Stack: Python, FastAPI, PostgreSQL with JSONB, Claude API for AI research, Web Surfer for web data. Runs as a single uvicorn process.
Quick Start
Entis runs as a Python service. Database is optional.
# Install
cd entis
python3 -m venv venv && source venv/bin/activate
pip install -r requirements.txt
cp .env.example .env
# Run
uvicorn main:app --host 127.0.0.1 --port 8200
# Extract entities from text
curl -X POST http://localhost:8200/v1/enrich/entity \
-H "Content-Type: application/json" \
-d '{"text": "Elon Musk announced new Tesla features"}'
# Enrich a specific entity
curl -X POST http://localhost:8200/v1/enrich \
-H "Content-Type: application/json" \
-d '{"name": "Stripe", "type": "company"}'
Use Cases
For content platforms. Turn articles into interactive documents. Feed published articles through Entis. Every company, person, and product mentioned gets a structured profile. Readers see context without leaving the page. A name becomes a knowledge card.
For research teams. Map the landscape from a single report. Drop a market research document into Entis. Get back every startup, investor, and product mentioned, each with current data. What would take a junior analyst hours of Googling happens in one API call.
For AI agent pipelines. Give your agents world knowledge. An agent processing text can call Entis to understand who and what is being discussed. Instead of treating names as opaque strings, the agent gets structured context: this is a Series B fintech company founded in 2021 with 50 employees.
Lessons Learned
Type-specific schemas matter more than generic profiles. The first version stored everything as a flat JSON blob. A person and a company had the same fields. It was technically simpler but practically useless: when you look up a startup, you want funding, team size, launch date. When you look up a person, you want their role, their companies, their social profiles. Splitting into type-specific tables with type-specific fields made the output immediately useful instead of requiring manual parsing.
The cache is the product. The first few hundred queries are slow because everything hits the web. But once you have 2,700+ entities, most lookups are instant. The database becomes a curated knowledge base that grows with every use. After a few months of daily digests, the system knows the entire startup ecosystem you follow.

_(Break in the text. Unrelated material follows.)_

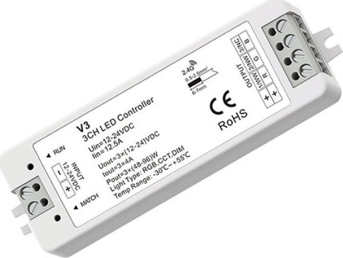 | V3 constant voltage controller 12-2V DC 3 A, for RGB, CCT LED strips, 3 channelrFeatures: Supports lighting systems: single color (single zone or multiple zone), dual color, RGB, CCT.096 levels 0-100% dimming smoothly without any flash. Compatile with dimmale LED stripsuls.3 levels color temperature (warmneutralcool white light).Built-in 10 dynamic RGB modes, including jump or gradual change style.Light onoff fade time selectale.Simultaneous auto-transmission: automatically transmits the signal to another controller within 30m, synchronizes the operation with other controllers (it is recommended not to eceed 25 controllers connected to a push switch).Match utton for connecting remote controls.Can e controlled y 2. GHz RF remote controls, push switches, sensor switches.Control with the SkySmart smart app is supported.One controller can control up to 10 remote controls. One remote control can control an unlimited numer of controllers within 30 m.Controller adopts the most advanced PWM (Pulse Width Modulation) digital control technology, it is used for controlling constant voltage LED lamps.Reverse polarity and short circuit protection.Certificates: CE (EMCLVD), RoHS.rTechnical data:Product model: V3.Compatiility: Skydance R15, R16, R8-1, R9, RT, R8, RT9, RS3, RS, RS8, R21, R22 T3, T3-1, T3-K.Numer of channels: 3.Controlled lighting systems: RGB, CCT.Operating frequency: RF 2.GHz.Supply voltage: 12V-2V DC.Output voltage: 12V-2V DC.Output current: A per channel.Output power: (8-96)W per channel.PWM frequency: 1000 Hz.Grayscale: 096 levels.Dimming range: 0-100%.Operating distance: up to 30m.Safety class: IP20 (not waterproof).Certificates: CE, EMC, LVD, RED, RoHS.Operating temperature: -30~+55°C.Dimensions: 97 33 18 mm.Color: white.Weight: 37g.rWarranty: 2 months. |

Semantic extraction beats regex by orders of magnitude. Early prototypes used pattern matching to find entity names. They missed informal mentions, abbreviations, and context-dependent names. AI-powered extraction understands that "the YC-backed team" refers to a startup even without naming it. The accuracy difference is not incremental, it is the difference between a useful tool and a frustrating one.
FAQ
What does Entis do? Entis takes raw text and identifies real-world entities in it: people, companies, startups, brands, products, cryptocurrencies. Then it enriches each entity with structured data from the web: websites, social profiles, descriptions, founding dates, funding info.
How does entity extraction work? Entis uses AI to understand context, not regex pattern matching. It recognizes that "Apple" in a tech article is a company, not a fruit. The extraction is semantic, meaning-based, which handles ambiguity and informal mentions.
Where does the enrichment data come from? First, Entis checks its PostgreSQL database for known entities. If missing or incomplete, it dispatches an AI research agent that searches the web, compiles structured data, saves it to the database, and returns the enriched profile. The database grows with every query.
What entity types are supported? Person, company, brand, startup, product, app, browser extension, platform plugin, and digital template. Each type has its own structured schema with type-specific fields.
Can Entis work without a database? Yes. The PostgreSQL database is optional. Without it, Entis still performs AI-powered enrichment for every request but does not cache results. With the database, known entities are served instantly and new discoveries are saved.